Wherever a picture appears, leave it out, and transcribe the rest of the records exactly.

DATASET ENTRIES Block Start

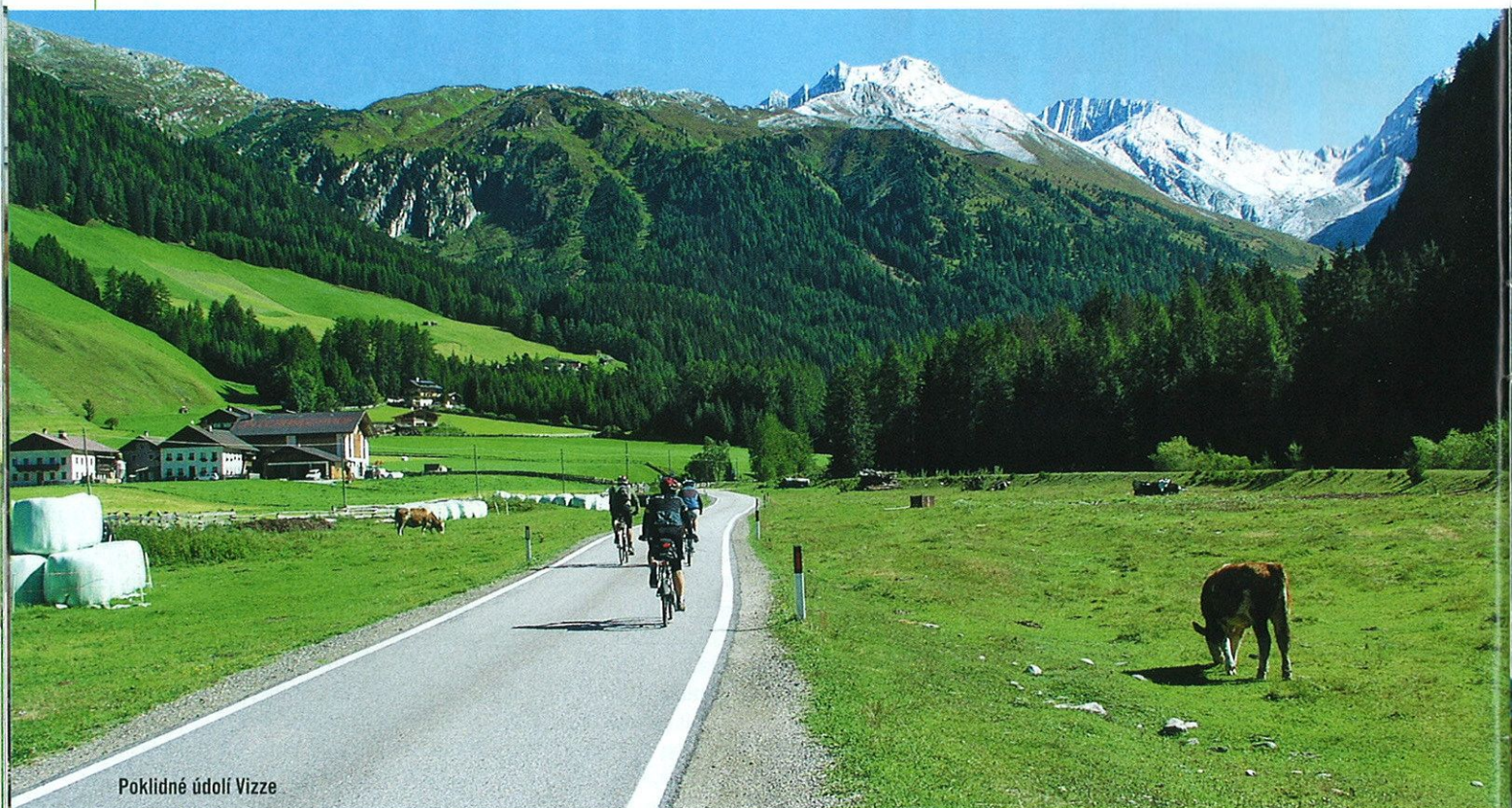
Poklidné údolí Vizze
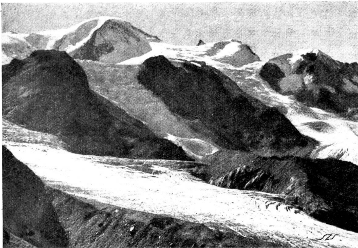
„Stuhlwang“. Blick gegen Südwesten auf den Steingletscher.

Vordergrund gestellt werden. Bei einem italienischen Angriff auf die bedrohte Südostgrenze wäre nämlich die Grimsel-Furka-Oberalproute vom Giacomopaß her so schwer bedroht, daß sie als Aufmarschlinie für die westschweizerischen Hilfstruppen nur sehr bedingt in Frage käme. Die 20 Kilometer nördlicher gelegene Sustenstrasse hingegen würde diesem Zwecke ausgezeichnet dienen. Nicht nur würde sie um etliche Stunden schneller zum Gotthard führen, sondern sie wäre auch der ideale Zufahrtsweg zum Panixerpaß via Klausenstrasse. Diese letztere müßte natürlich den militärischen Bedürfnissen noch besser angepaßt werden. Daß eine in diesem Sinne ausgebaut Westostverbindung die strategische Lage der Schweiz an ihrer Ostmark wesentlich verbessern würde, liegt auf der Hand.
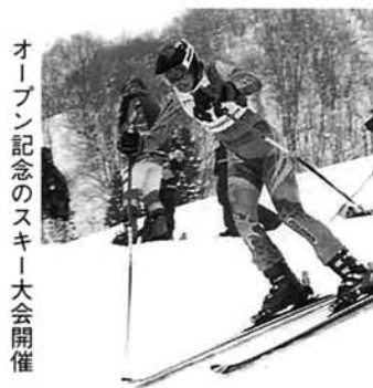
オープン記念のスキー大会開催

午前十時から、スキー場オープン記念第五十回市民スキー大会(栃尾市スキー協会主催)が行われました。出場したおよそ五十人の選手は、二回の回転競技でタイムを競いました。また、正午からはゲレンデ脇
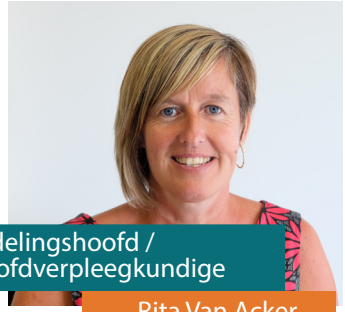
Afdelingshoofd / hoofdverpleegkundige

Om je goede zorg te kunnen geven, volgen we nauw op welke behoeften jij hebt en hoe deze evolueren. We doen dit samen met jou, je familie en verschillende specialisten. Deze specialisten hebben ieder hun vakgebied en kennis. Op deze pagina zie je er een overzicht van.
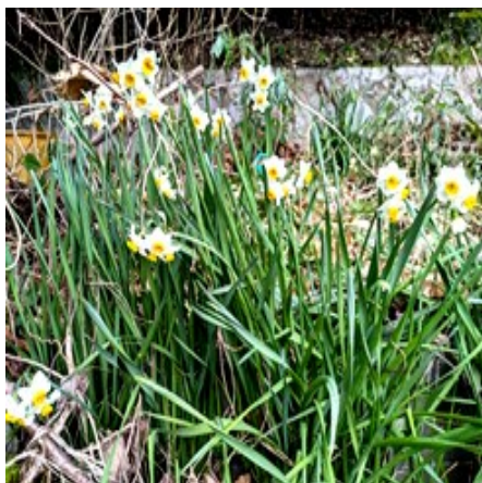
— 春到来を告げる水仙 —
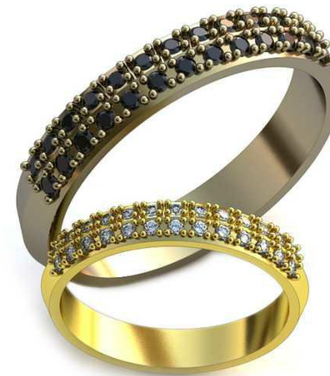
216ж/Р-16,5/Ш-5,0/Т-1,5/Кр 2.1-12шт./Вес-3,5 216м/Р-22,2/Ш-4,4/Т-1,8/Кр 1.6-26шт./Вес-6,4
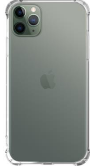
방탄 젤리 케이스
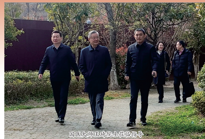
国医大师王琦院士莅临指导
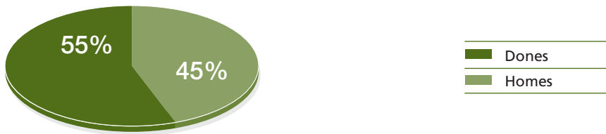
Gràfic 1 | Persones de més de 80 anys

A data d'avui trobam que, segons les dades de Direcció General de Dependència (veure taula de l'annex 2), dels expedients actius a Formentera, 91 expedients (78% dels expedients actius) corresponen a persones dependents, majors de 65 anys i 25 expedients (22% dels expedients actius) corresponen a menors de 65 anys.
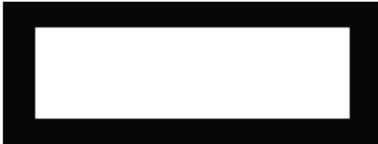
ଚିତ୍ର 3 – ଗୋଟିଏ ମଝି ଫାଙ୍କା ଥିବା ଆୟତଚିତ୍ର
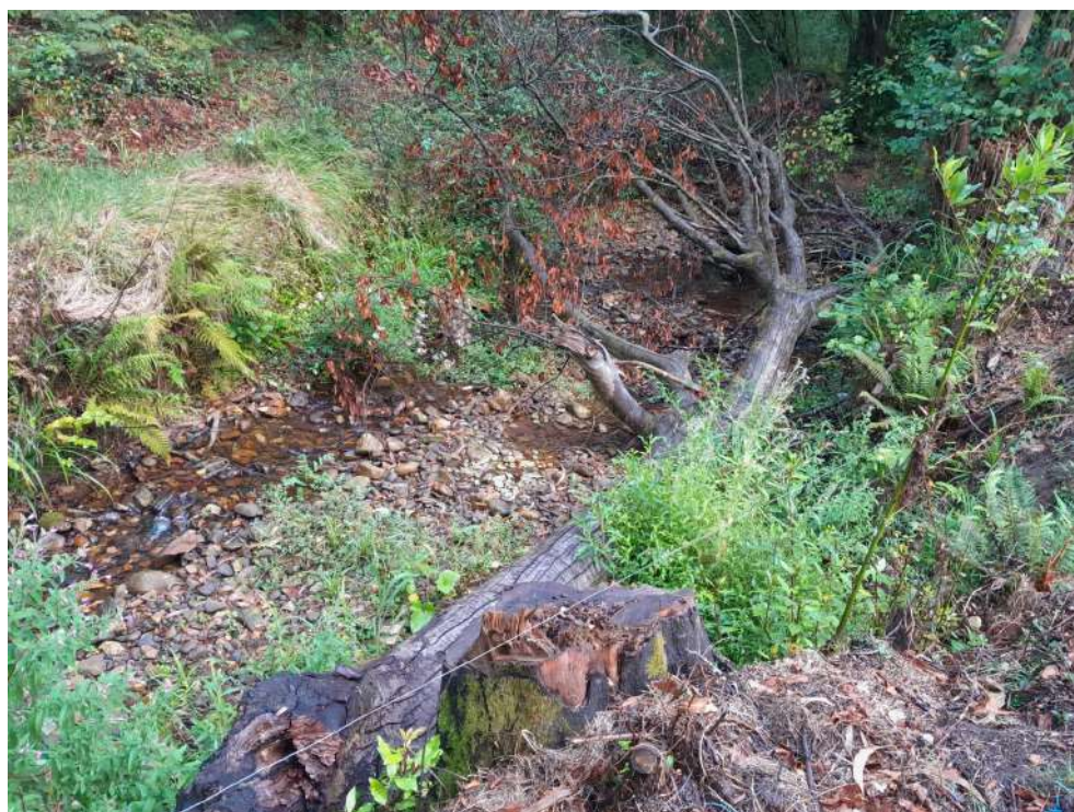
Tronco caído en la zona de actuación de La Machuquera
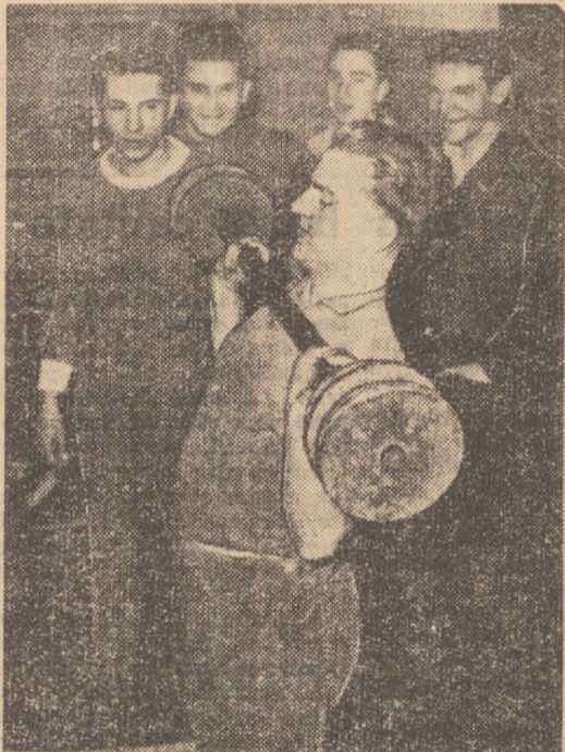
Halterele s-au bucurat de un real succes în actuala ediție a Spartachiadei. În fotografia de mai sus un aspect în care tinerii de la întreprinderea "Electronica" din Capitală se întrec în prima etapă
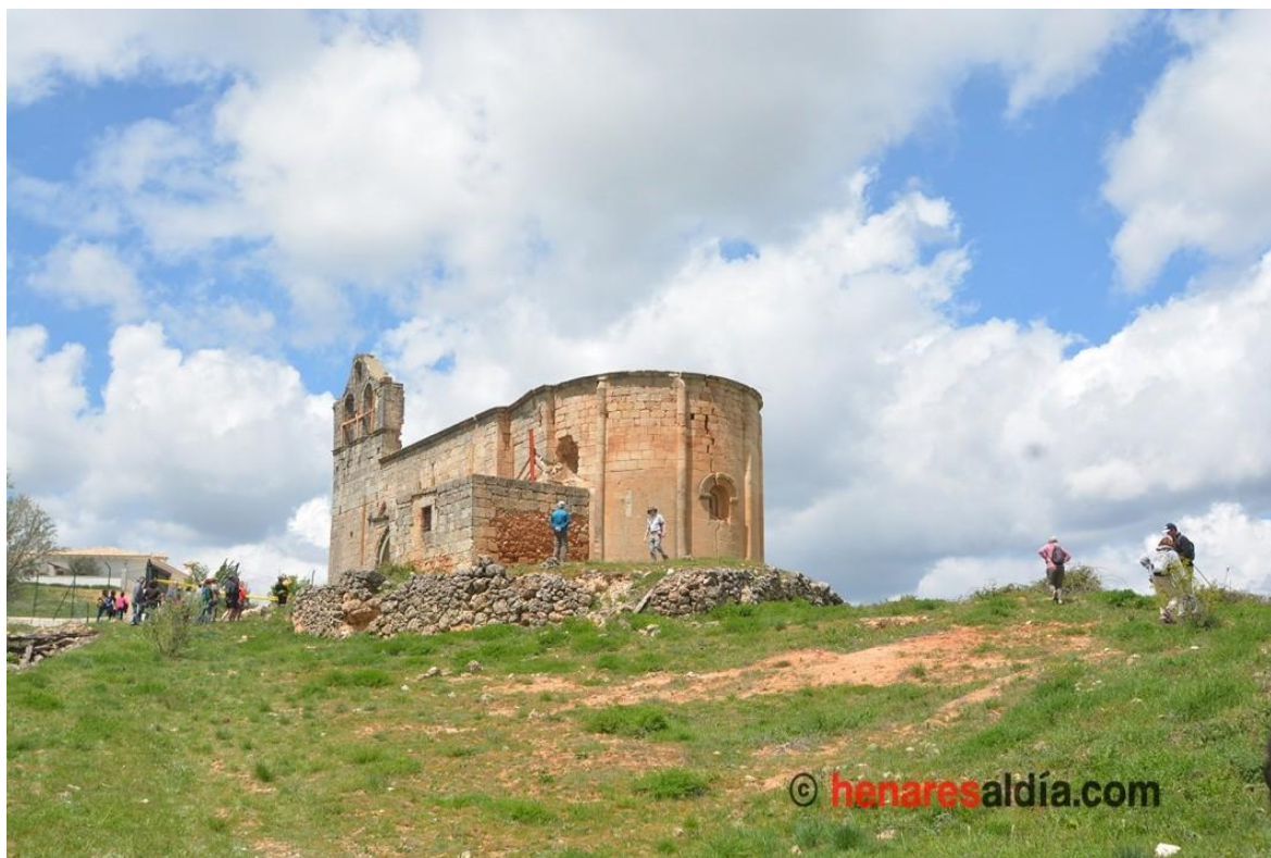
XIII Marcha de la Flores.- Villaescusa de Palositos

Villaescusa se encuentra deshabitada desde la década de 1970, debido al éxodo rural. Llegó a ser un municipio independiente, pero las edificaciones que quedaron en pie se acabaron incorporando –en lo político– a Peralveche. Además, y con el discurrir del tiempo, los terrenos de la antigua localidad cayeron en manos privadas, traspasándose entre diferentes propietarios a lo largo de los últimos años.

DATASET ENTRIES Block End

● EXERCISE ANSWER
Poklidné údolí Vizze
„Stuhlwang“. Blick gegen Südwesten auf den Steingletscher.

Vordergrund gestellt werden. Bei einem italienischen Angriff auf die bedrohte Südostgrenze wäre nämlich die Grimsel-Furka-Oberalproute vom Giacomopaß her so schwer bedroht, daß sie als Aufmarschlinie für die westschweizerischen Hilfstruppen nur sehr bedingt in Frage käme. Die 20 Kilometer nördlicher gelegene Sustenstrasse hingegen würde diesem Zwecke ausgezeichnet dienen. Nicht nur würde sie um etliche Stunden schneller zum Gotthard führen, sondern sie wäre auch der ideale Zufahrtsweg zum Panixerpaß via Klausenstrasse. Diese letztere müßte natürlich den militärischen Bedürfnissen noch besser angepaßt werden. Daß eine in diesem Sinne ausgebaut Westostverbindung die strategische Lage der Schweiz an ihrer Ostmark wesentlich verbessern würde, liegt auf der Hand.
オープン記念のスキー大会開催

午前十時から、スキー場オープン記念第五十回市民スキー大会(栃尾市スキー協会主催)が行われました。出場したおよそ五十人の選手は、二回の回転競技でタイムを競いました。また、正午からはゲレンデ脇
Afdelingshoofd / hoofdverpleegkundige

Om je goede zorg te kunnen geven, volgen we nauw op welke behoeften jij hebt en hoe deze evolueren. We doen dit samen met jou, je familie en verschillende specialisten. Deze specialisten hebben ieder hun vakgebied en kennis. Op deze pagina zie je er een overzicht van.
— 春到来を告げる水仙 —
216ж/Р-16,5/Ш-5,0/Т-1,5/Кр 2.1-12шт./Вес-3,5 216м/Р-22,2/Ш-4,4/Т-1,8/Кр 1.6-26шт./Вес-6,4
방탄 젤리 케이스
国医大师王琦院士莅临指导
Gràfic 1 | Persones de més de 80 anys

A data d'avui trobam que, segons les dades de Direcció General de Dependència (veure taula de l'annex 2), dels expedients actius a Formentera, 91 expedients (78% dels expedients actius) corresponen a persones dependents, majors de 65 anys i 25 expedients (22% dels expedients actius) corresponen a menors de 65 anys.
ଚିତ୍ର 3 – ଗୋଟିଏ ମଝି ଫାଙ୍କା ଥିବା ଆୟତଚିତ୍ର
Tronco caído en la zona de actuación de La Machuquera
Halterele s-au bucurat de un real succes în actuala ediție a Spartachiadei. În fotografia de mai sus un aspect în care tinerii de la întreprinderea "Electronica" din Capitală se întrec în prima etapă
XIII Marcha de la Flores.- Villaescusa de Palositos

Villaescusa se encuentra deshabitada desde la década de 1970, debido al éxodo rural. Llegó a ser un municipio independiente, pero las edificaciones que quedaron en pie se acabaron incorporando –en lo político– a Peralveche. Además, y con el discurrir del tiempo, los terrenos de la antigua localidad cayeron en manos privadas, traspasándose entre diferentes propietarios a lo largo de los últimos años.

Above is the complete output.